1. A simple local GeoTIFF file

test.tif

2. A GeoTIFF file in a .zip archive

/vsizip/archive.zip/xyz.tif

3. A subdataset in a HDF4 file from MODIS

HDF4_EOS:EOS_GRID:"MOD13A2.A2013353.h00v08.006.2018226105756.hdf":MODIS_Grid_16DA

4. A higher level GDAL Sentinel 2 dataset

SENTINEL2_L1C:S2A_OPER_MTD_SAFL1C_PDMC_20150818T101440_R022_V20150813T102406_20150813T102406.xml:10m:EPSG_32632

5. A file on a web server

/vsicurl/https://download.osgeo.org/geotiff/samples/spot/chicago/UTM2GTIF.TIF

6. An object from cloud storage (Sentinel 2 on Amazon Web Services)

/vsis3/sentinel-s2-l1c/tiles/31/U/FT/2018/5/6/0/B08.jp2

Image collection data model

gdalcubes implements the above definition of image collections in the following data model.
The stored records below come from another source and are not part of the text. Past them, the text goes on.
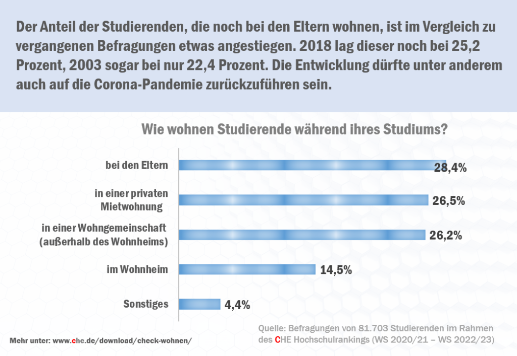 “Above all, students of universities of applied sciences and vocational academies based in small cities and municipalities are more likely than average to be still living with their parents. Shared apartments, on the other hand, are particularly popular in medium-sized university cities,” stated the author of the study Marc Hüsch, highlighting striking features of the analysis of residential arrangements. “No doubt the unique challenges posed by the Covid-19 pandemic also play a role,” remarked Hüsch. After all, survey data from the winter semesters 2020/21, 2021/22 and 2022/23 was taken into account for the analysis.
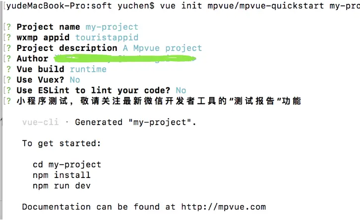 5 $ vue init mpvue/mpvue-quickstart my-project
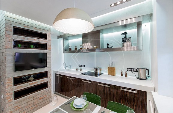 Если есть желание установить в маленьком помещении яркую или темную кухню, то можно последовать ему при соблюдении некоторых условий. В этом случае хорошо «разбавить» интерьер белым цветом, например, окрасить стены и потолок в данный оттенок. Еще один удачный вариант – установка гарнитура с двухцветными фасадами. Например, можно выбрать черно-белую или красно-белую мебель.
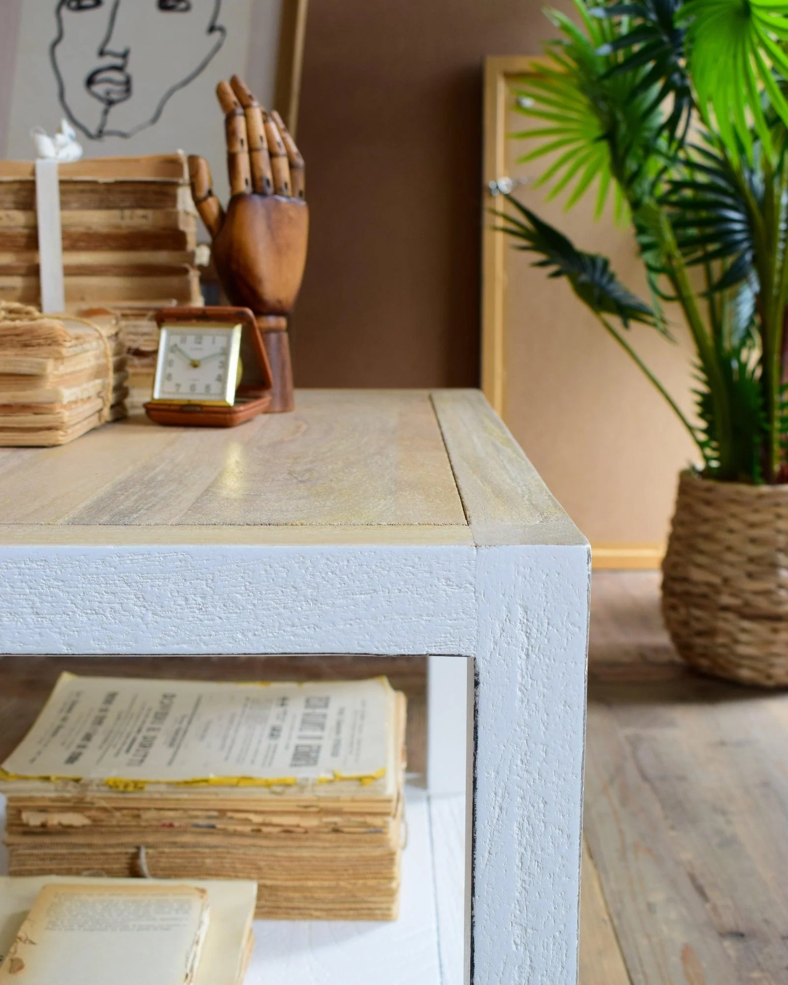 - materiali: legno di mango massello finitura sabbiata e spazzolata, colore bianco anticato e naturale
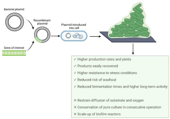 Recombinant proteins and other added-value compounds are being produced in biofilm reactors due to several advantages of this platform when compared to suspended cell systems. Biofilm reactors can (1) retain more biomass per unit volume, increasing production rates and yields, (2) resist stress conditions such as toxic compounds, (3) reduce the risk of washout (which eliminates the need for repeated inoculations during subsequent batch fermentation), and (4) reduce fermentation times and exhibit long-term activity [11,15,16,17]. However, some challenges need to be addressed, namely, (1) limitations of substrate and oxygen diffusion, which can increase population heterogeneity, (2) the complex maintenance of a pure culture in consecutive operations, (3) biofilm reactors are difficult to scale up [17], and (4) product secretion to the extracellular medium can be challenging, leading to difficulties in downstream processes [15].
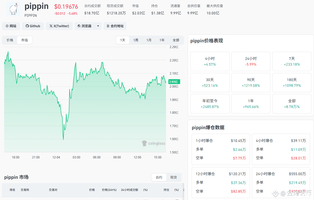 这 PIPPIN 最近热度是真炸,短短几天翻了好几倍,但暗雷也不少24 小时爆仓直接干到 555 万,空单就占了 335 万,说明之前赌它跌的全被拉爆了;但现在涨不动,就是因为 0.2188 那压力位跟堵钢筋墙似的,冲了好几次都没撞开,资金现在都不敢瞎往里砸了。
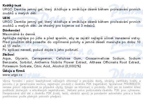 URGO Dentilia jemný gel, který zklidňuje a změkčuje dásně během prořezávání prvních zoubků u malých dětí.

Figure 1: Data model for image collections.

This model describes available images, available bands, and how specific GDAL datasets relate to images and bands of a collection. The data model simply points to actual data by GDAL dataset identifiers but does not store any image data. It is implemented as a relational SQLite database, i.e. can be stored as a single file, which typically consumes a few kilobytes per image. To allow for fast selection of images intersecting a given spatiotemporal area, the schema include indexes on the spatial extent and recording date/time.
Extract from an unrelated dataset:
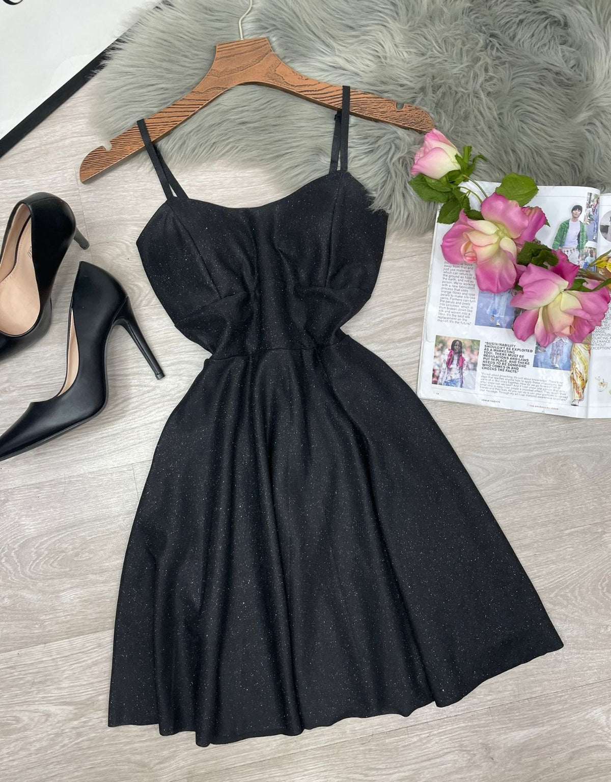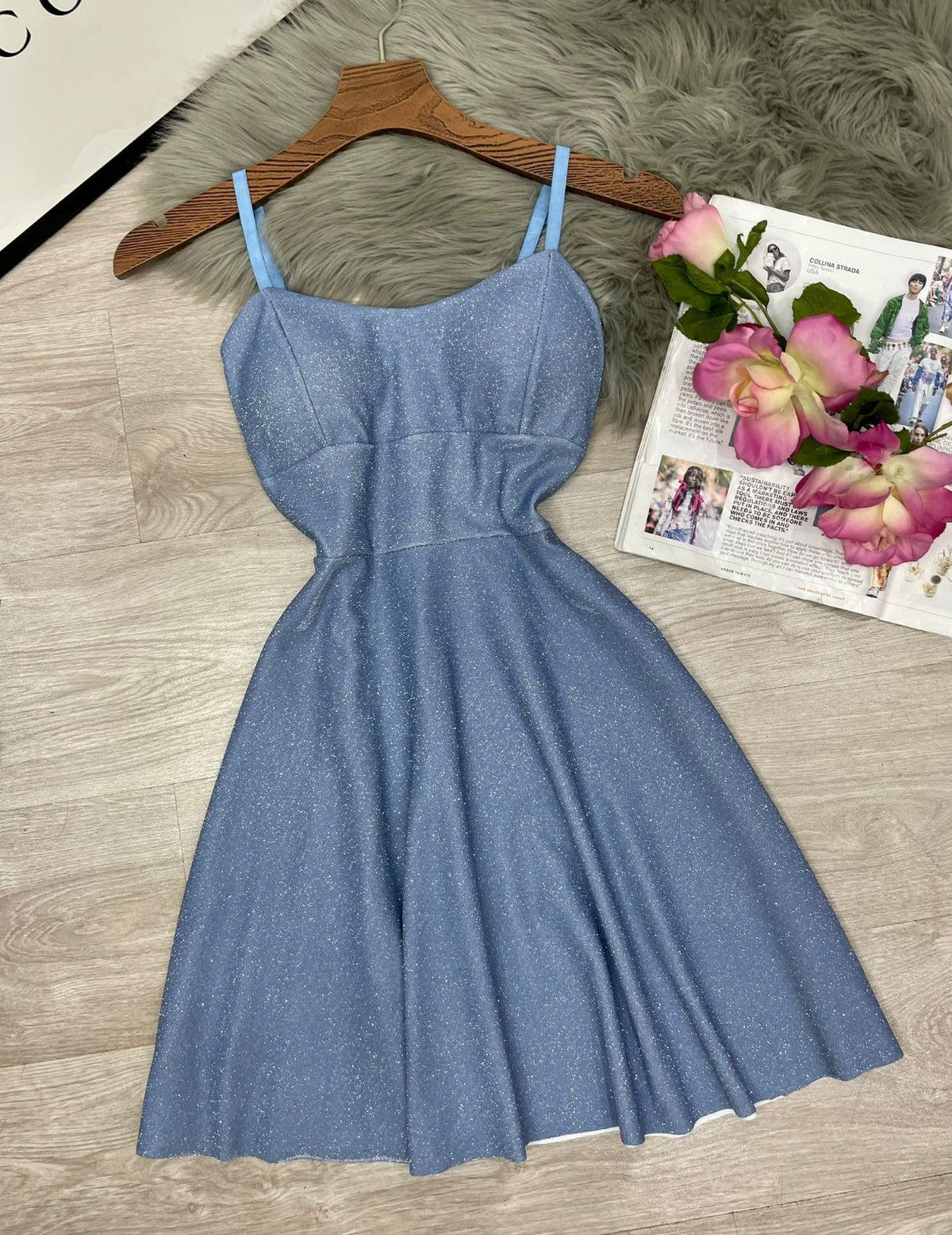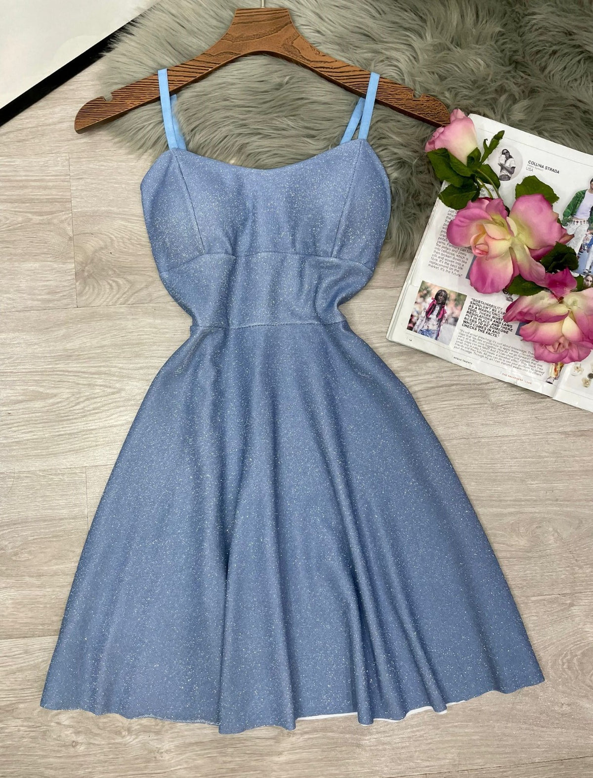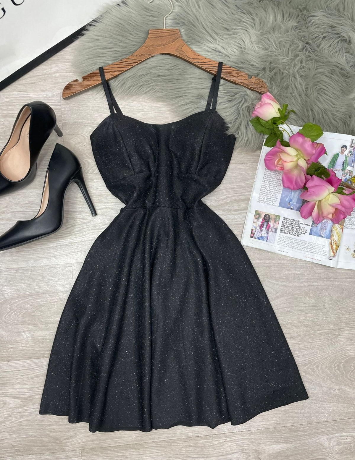 Abito in lurex con coppe preformate, spalline regolabili, pinces e chiusura sul retro con cerniera. Fabbricato in Italia.

Creating image collections

Depending on the complexity of the data product and the location of the image files, there are three different ways to create collection formats.

1. From local files using collection formats

gdalcubes comes with functions to create image collections from a set of GDAL dataset identifiers. Unfortunately, it is not straightforward to extract all needed information (e.g. recording date/time) automatically from GDAL datasets. Earth observation data products are organized in extremely different ways, from single files per image to complex directory structures like the Sentinel 2 SAFE format. To let gdalcubes know, how to create image collections from a set of GDAL dataset identifiers, we can define so called image collection formats for particular data products. Formats for some Sentinel, Landsat, and MODIS products are already shipped with gdalcubes. The collection format definition is described in detail in the next chapter.
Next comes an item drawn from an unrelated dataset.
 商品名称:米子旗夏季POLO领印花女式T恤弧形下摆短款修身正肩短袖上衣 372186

In the following code example, an image collection is created from a list of files and the corresponding collection format L8_L1TP.

L8_files <- list.files(system.file("L8NY18", package = "gdalcubes"),
                       ".TIF", recursive = TRUE, full.names = TRUE)
x = create_image_collection(L8_files, format = "L8_L1TP")

2. From local files without collection formats

Image collections can be created without a dedicated image collection format if one of the following two conditions is true:

Each provided image file / GDAL dataset identifier contains all bands of the collection, or
Each provided image file contains a single band only

Users can then create an image collection from a simple list of GDAL datasets / files, the date/time of all images, and the name of bands.

In the following code example, an image collection is created from a list of files and their date/time and bands.

L8_files <- list.files(system.file("L8NY18", package = "gdalcubes"),
                       ".TIF", recursive = TRUE, full.names = TRUE)
d = as.Date(substr(basename(L8_files), 18, 25), "%Y%m%d")
fname = basename(tools::file_path_sans_ext(L8_files))
b = substr(fname, 27, nchar(fname)) # extract band names
y = create_image_collection(L8_files, date_time = d, band_names = b)

3. From cloud storage using STAC-API

The SpatioTemporal Asset Catalog (STAC) is becoming a widely accepted standard to describe spatiotemporal datasets, including image collections from available datasets on cloud storage. STAC-API presents a web service to search for available items / images by space, time, and additional properties (e.g. cloud cover) in collections. The response of STAC-API requests can be converted to gdalcubes image collections without opening any of the returned files using stac_image_collection(). The function supports filtering assets / bands by name, filtering images by additional metadata such as cloud cover, and customizing how URLs are converted to GDAL dataset identifiers using the url_fun argument.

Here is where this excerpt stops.